Top of RECORDS PROVIDED

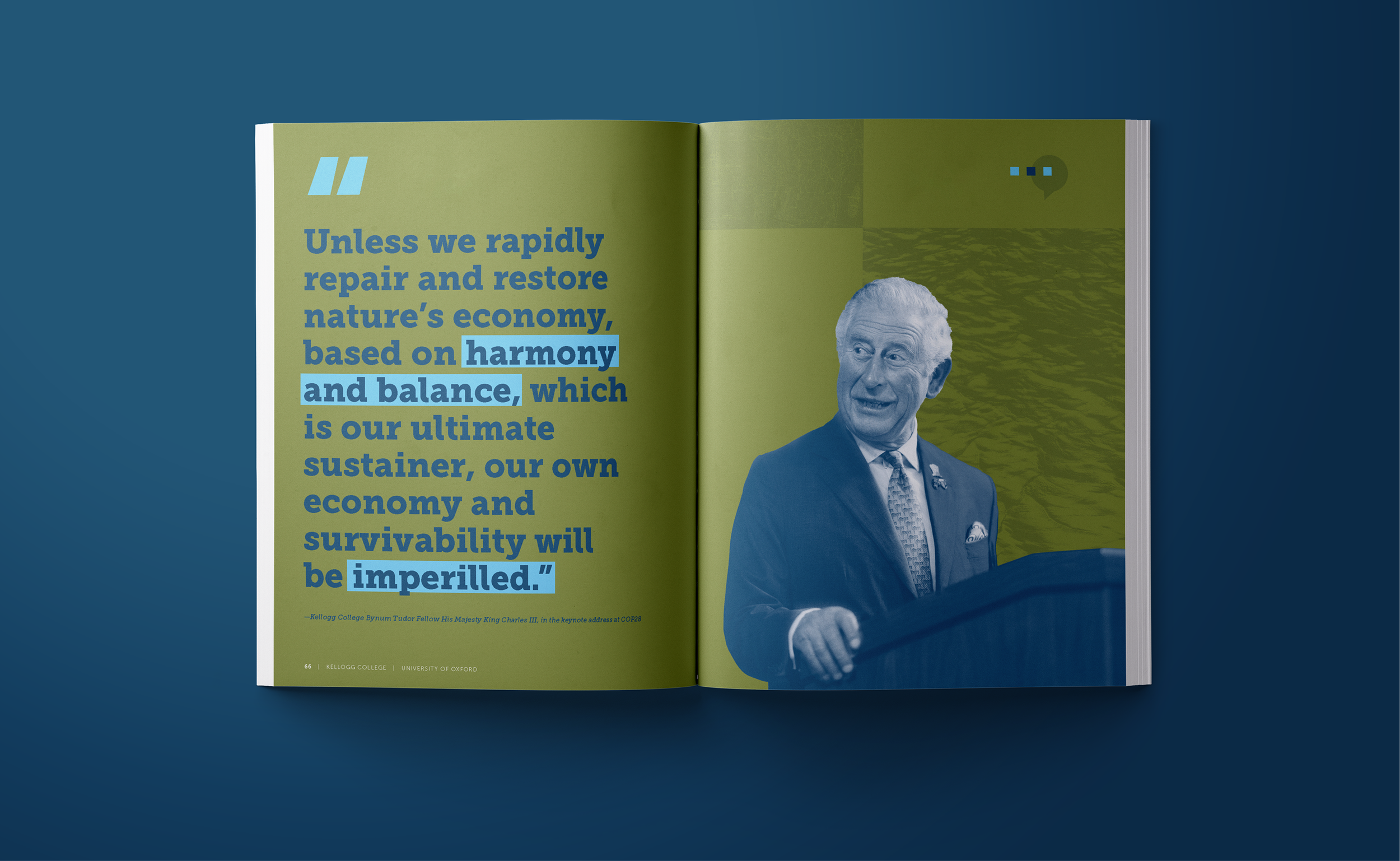 The “Heritage Collage” approach uses layered imagery to connect past and present, combining archival references with contemporary photography and graphic elements. The duotone treatment creates a unifying thread across sections while giving each story its own emotional tone. Collage becomes a storytelling device rather than decoration, helping convey complex, interdisciplinary ideas in a more immediate way. The result is a visual language that feels uniquely Kellogg and unmistakably Oxford
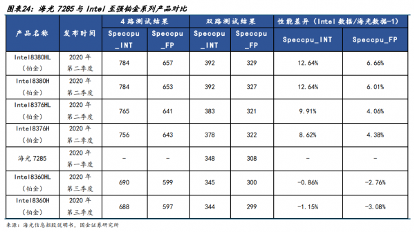 2022年12月,国金证券发布的研报提到,选取英特尔在2020年(与海光7285同期)发布的6款至强铂金系列产品(能够反映英特尔2020年发布的主流CPU产品的性能)与海光7285进行性能对比可以发现,在典型场景下,海光信息最新一代CPU相关产品均已接近国际同类高端产品水平。
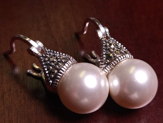 Vintage Markasit mit Perle 12 mm 925 Sterling Silber Huggie Creolen. Vintage antikes Geschenk für sie. 925 gestempelt
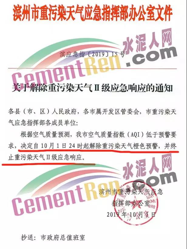 同日,濱州市重污染天氣應(yīng)急指揮部辦公室發(fā)布《關(guān)于解除重污染天氣II級應(yīng)急響應(yīng)的通知》稱,根據(jù)空氣質(zhì)量預測,濱州市空氣質(zhì)量指數(shù)低于預警要求,決定自10月1日24日時起解除重污染天氣橙色預警,并終止重污染天氣II級應(yīng)急響應(yīng)。
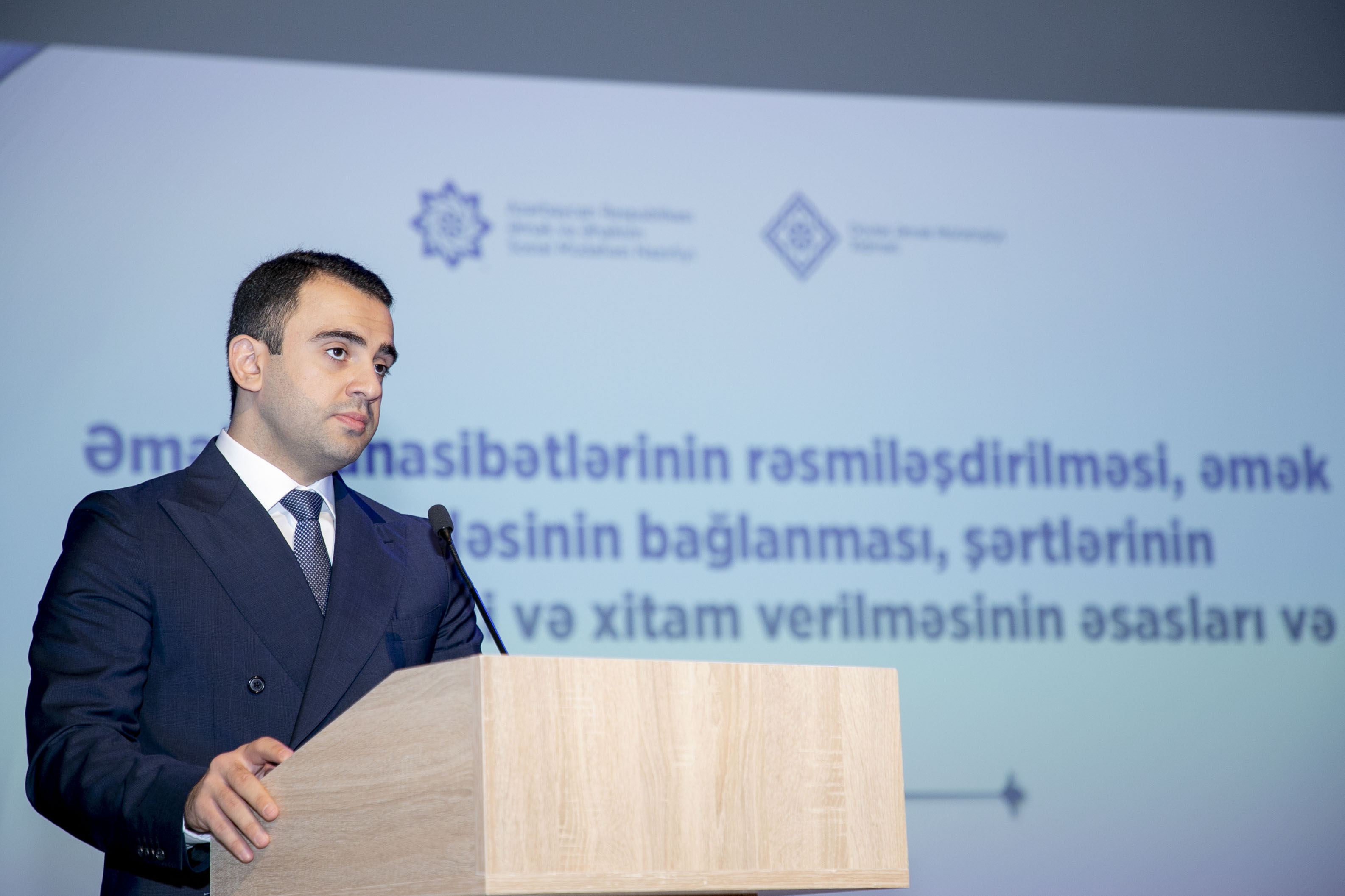Açılış nitqi ilə çıxış edən Dövlət Əmək Müfəttişliyi Xidmətinin Bakı Şəhər İdarəsinin rəisi Rüfət Əliyev ölkədə son 5 il ərzində icra olunan sosial islahat paketləri, eləcə də işçilərin əmək hüquqlarının qorunması sahəsində həyata keçirilən tədbirlər barədə məlumat verib.
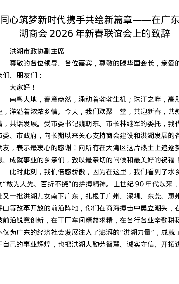 同心筑梦新时代 携手共绘新篇章——在广东洪湖商会2026年新春联谊会上的致辞
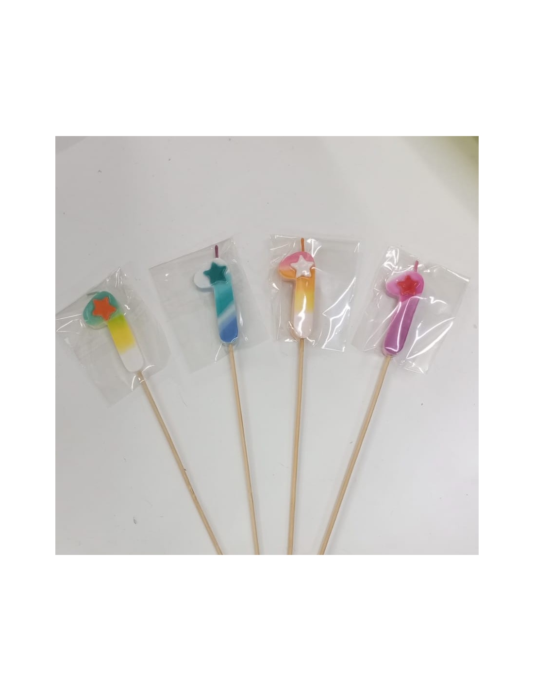 Velas de colores con brocheta de palillo para adornar tus creaciones
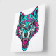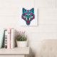 Horloge Carrée Cyberpunk Neon Wolf - Synthwave Robotic Animal

Bottom of RECORDS PROVIDED

# WORK REQUEST
Copy the records exactly; no image should appear in the result.

# RESPONSE AREA
 The “Heritage Collage” approach uses layered imagery to connect past and present, combining archival references with contemporary photography and graphic elements. The duotone treatment creates a unifying thread across sections while giving each story its own emotional tone. Collage becomes a storytelling device rather than decoration, helping convey complex, interdisciplinary ideas in a more immediate way. The result is a visual language that feels uniquely Kellogg and unmistakably Oxford
 2022年12月,国金证券发布的研报提到,选取英特尔在2020年(与海光7285同期)发布的6款至强铂金系列产品(能够反映英特尔2020年发布的主流CPU产品的性能)与海光7285进行性能对比可以发现,在典型场景下,海光信息最新一代CPU相关产品均已接近国际同类高端产品水平。
 Vintage Markasit mit Perle 12 mm 925 Sterling Silber Huggie Creolen. Vintage antikes Geschenk für sie. 925 gestempelt
 同日,濱州市重污染天氣應(yīng)急指揮部辦公室發(fā)布《關(guān)于解除重污染天氣II級應(yīng)急響應(yīng)的通知》稱,根據(jù)空氣質(zhì)量預測,濱州市空氣質(zhì)量指數(shù)低于預警要求,決定自10月1日24日時起解除重污染天氣橙色預警,并終止重污染天氣II級應(yīng)急響應(yīng)。
Açılış nitqi ilə çıxış edən Dövlət Əmək Müfəttişliyi Xidmətinin Bakı Şəhər İdarəsinin rəisi Rüfət Əliyev ölkədə son 5 il ərzində icra olunan sosial islahat paketləri, eləcə də işçilərin əmək hüquqlarının qorunması sahəsində həyata keçirilən tədbirlər barədə məlumat verib.
 同心筑梦新时代 携手共绘新篇章——在广东洪湖商会2026年新春联谊会上的致辞
 Velas de colores con brocheta de palillo para adornar tus creaciones
 Horloge Carrée Cyberpunk Neon Wolf - Synthwave Robotic Animal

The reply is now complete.